A while ago I showed you the start of my garden, and it was promising. I did very well at starting seeds and had an exciting variety underway. But the next step? Transplanting; that’s where I hit my snag. I diligently made all my own little pots from recycled newspaper, transplanted my seedlings and proceeded to watch about half of them wither and die.
All those amazing peppers? Gone. The eggplant? Nope. Tomatoes? Out of 50 plants, only 12 are still alive and thriving. Cucumbers? Dead. Celeriac? Entire flat, kaput. Corn? Deer ate it. My true talent seems to be for purslane, or pigweed as it’s called around here. The weed that sends farmers running for Roundup? Thank goodness it’s actually one of the most nutritious plants in any garden…threw me a bone on that one…
But, I’ve rebounded. My zucchini harvest is wearing me out, my tomatoes are promising, as are the cantaloupes and brussels sprouts. The pumpkins are going crazy and the fodder beets are plodding along. I’ve added rows of late beans, pickling cucumbers, swiss chard and turnips as well as some cilantro, fennel and basil.
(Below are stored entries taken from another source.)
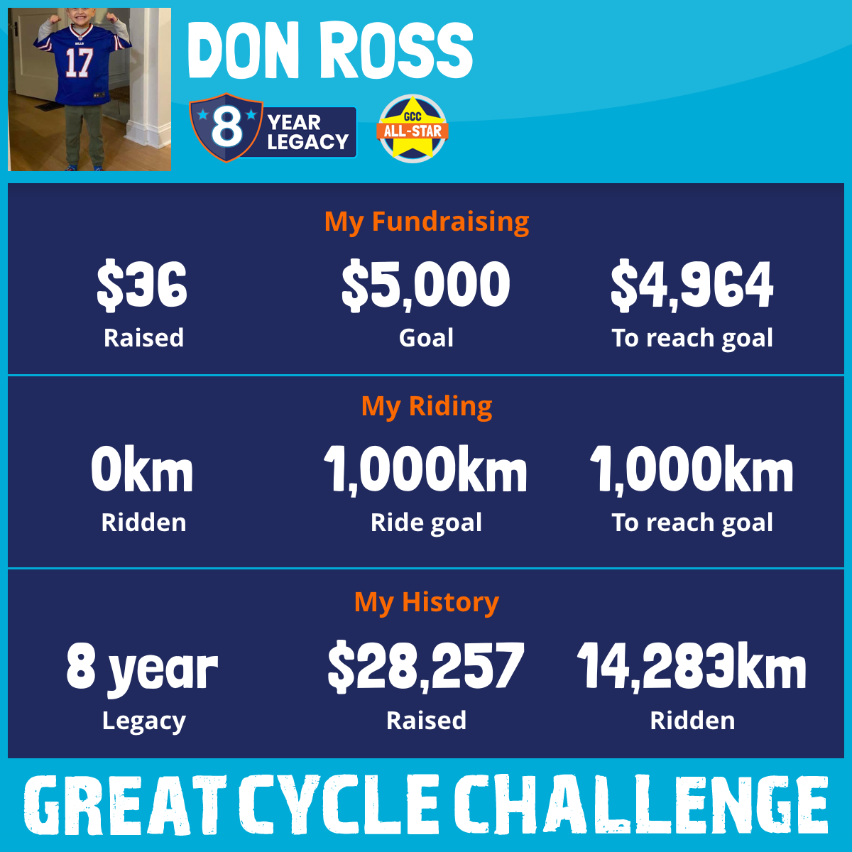 This will be my 8th year taking part in the Great Cycle Challenge to fight kids' cancer! Why? Because right now, over 1,700 children are diagnosed with cancer every year, and it's the biggest killer of children from disease in Canada. 3 young lives are lost every week like the brave young boy who rides with me in my heart , 6 year old Griffin Bell from Ottawa ( June 26, 2017 - March 18, 2024 ) . Every 2 minutes a child is diagnosed with cancer around the world. My wife & I sometimes see these young children when we are at Princess Margaret Cancer Centre & Toronto Western where she's been receiving ongoing care for Stage 4 metastatic breast cancer. We’re so grateful for the life saving research being done there and for the care & treatment she receives at UHN in Toronto & at BGH Oncology in Belleville. Hospitals like Toronto Sick Kids and CHEO in Ottawa are doing incredible work with children dealing with cancer. As any parent or grandparent like us would say.....all kids should be living life, not fighting for it . So I'm raising funds through my challenge to ride each day all year long to help these kids and support Sick Kids Foundation . This helps them continue their work in developing treatments and finding a cure for childhood cancer. Please support me by making a donation to give these brave kids the brighter futures they deserve.Your support will change little lives. Thank you so much! #GriffinMyHeartForever #RidingForHeather #FightLikeAKid #thegldnsociety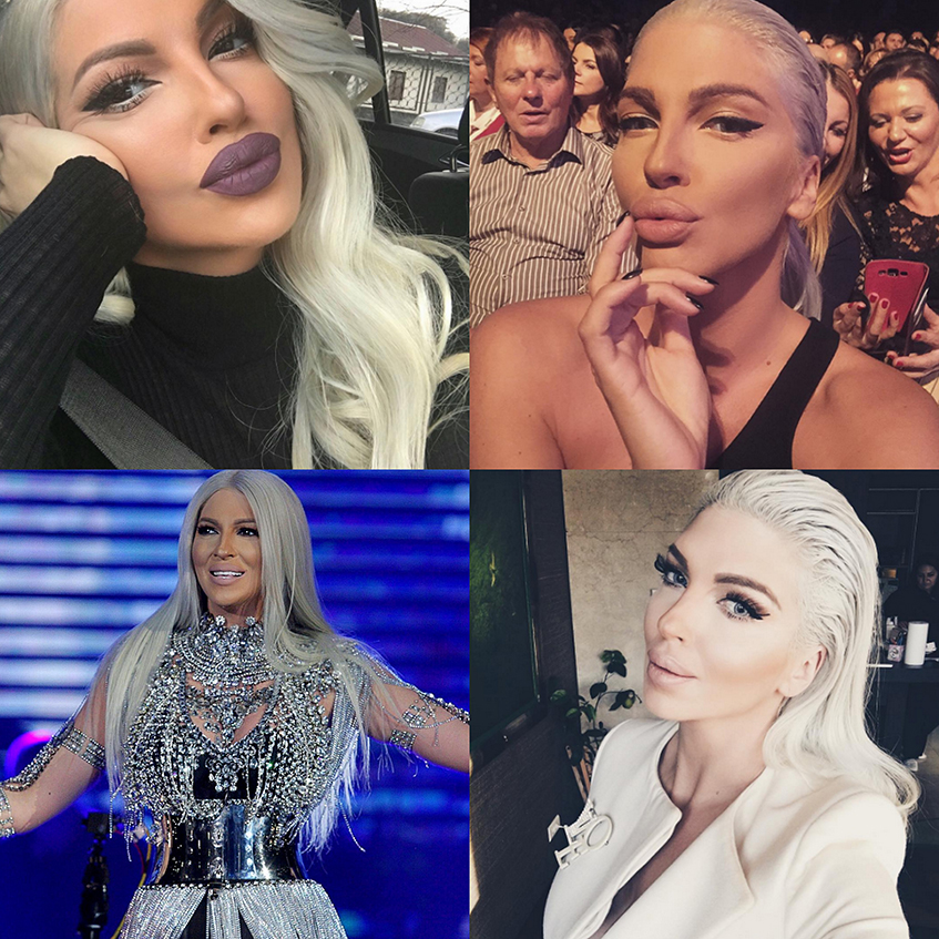 Сербская певица Елена Карлеуша прославилась в Instagram благодаря своим откровенным образам и схожестью с Ким. Певица потратила миллионы долларов на пластические операции, чтобы увеличить себе грудь, ягодицы и губы. А еще она постоянно возмущается, что Ким и Леди Гага копируют ее стиль.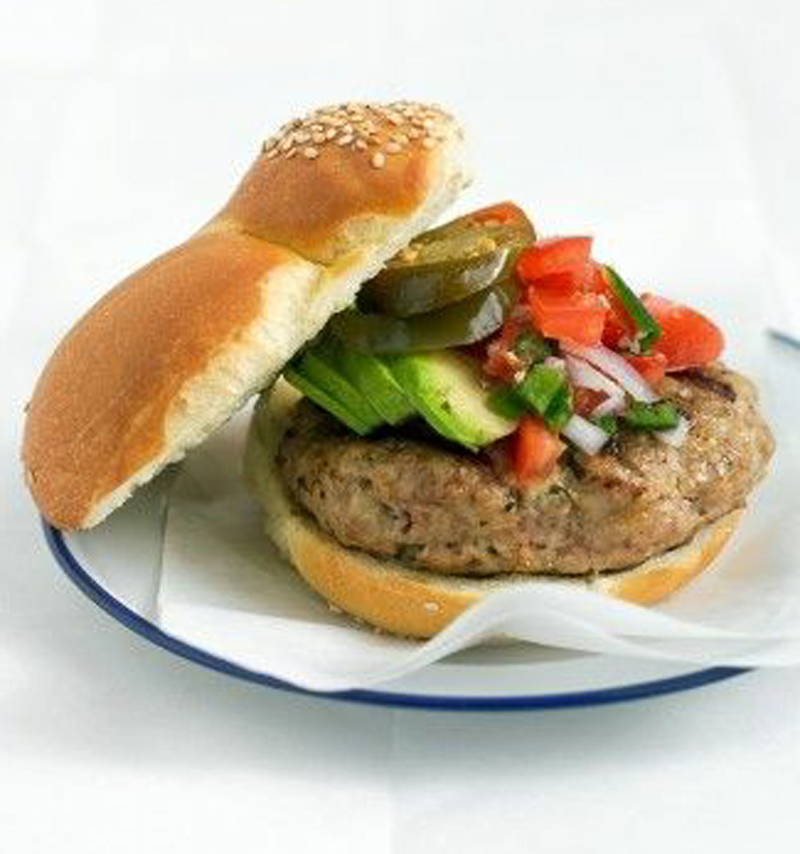 - Place the burgers inside the buns and top with a slice of Monterey Jack and a spoonful of spicy mayo and caramelized onions. Serve straight away.

But the one crop I don’t ever seem to screw up? Beets. I’m a latecomer to beet love. I had never had a fresh-from-the-garden beet or one without vinegar, sugar or a Harvard education. All of which I really hate. To me, the taste of a canned beet is exactly what it tastes like when I’m swimming and snort water up my nose. Decidedly unpleasant.
So, my first real still-warm-from-the-garden beets were a real delight for me. I truly had no idea how deliciously enjoyable a beet could be. And, the revelation that beets could be simply roasted, slipped of their skins and served with nothing but good butter and salt, well that’s changed everything. Consider me a raving fan.
This year, I am very excited that my seeds are all heirlooms, organic and not one cent of my money went to Monsanto. I decided to branch out and try two kinds of beets: Boro, a traditional red variety, and Touchstone Gold, a golden beet. The Boros are mildly flavored and delicious, and the Touchstone Golds are the most beautiful, luminous color I can imagine. Even caked with dirt they shimmer and glow – truly breathtaking.
Having no human babies of my own, I can’t help but chuckle over new parents’ universal compulsion to share baby photos. And now as a new-ish gardener, the urge to share veggie photos is nearly as powerful. Funny… but the wonder of both just never gets old.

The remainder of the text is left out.